[Interest] QFutureWatcher not emitting signals
Bob Hood
bhood2 at comcast.net
Thu Nov 24 04:16:16 CET 2016
I did some Googling about this, and found a LOT of hits about QFutureWatcher
not emitting its signals (like finished()) when the QFuture it's watching
completes. However, in all cases I've seen, people were using an auto version
of QFutureWatcher which dropped out of scope on them (i.e., allocated on the
local stack).

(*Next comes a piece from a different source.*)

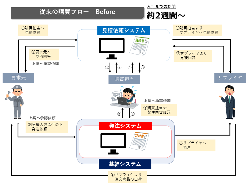 見積依頼・発注・基幹とそれぞれのシステムを利用し、要求元(現場)と購買担当が幾度もやりとりをしたり、それぞれの上長に承認をする作業を行ったりしておりました。この煩雑な購買フローにより、間接材であっても見積の依頼から商品の納品まで約2週間近くかかる場合もあり、このリードタイムの長さを何とか出来ないかと感じておりました。

Allocating it on the heap seemed to solve all problems I found.
Well, it isn't solving it for me. I'm using Qt 5.6.2. I have a simple
tasklet class that performs a discrete function in a separate thread
independent of the main process. Its basic structure looks like this:
Definition:
class Tasklet : public QObject
{
Q_OBJECT
public:
Tasklet(...args...);
~Tasklet();
signals:
void signal_result(const QString& reference, bool result);
private slots:
void slot_future_finished();
private: // methods
bool run();
private: // data members
...args...
QFutureWatcher<bool>* watcher;
};
Implementation:
Tasklet::Tasklet(...args...) : ...init...
{
QFuture<bool> future = QtConcurrent::run(this, &Tasklet::run);
watcher = new QFutureWatcher<bool>();
connect(watcher, &QFutureWatcher<bool>::finished, this,
&Tasklet::slot_future_finished);
watcher->setFuture(future);
}
bool Tasklet::run()
{
...processing...
return true;
}
void Tasklet::slot_future_finished()
{
emit signal_result(reference, watcher->result());
watcher->deleteLater();
}
Tasklet::slot_future_finished() is NEVER called. I've verified that the
connect() returns true, tried using the old-style syntax for connect, and I've
also tried having a class member for QFutureWatcher instead of allocating it
on the heap. No joy.
Can another pair of eyes see what am I doing wrong here?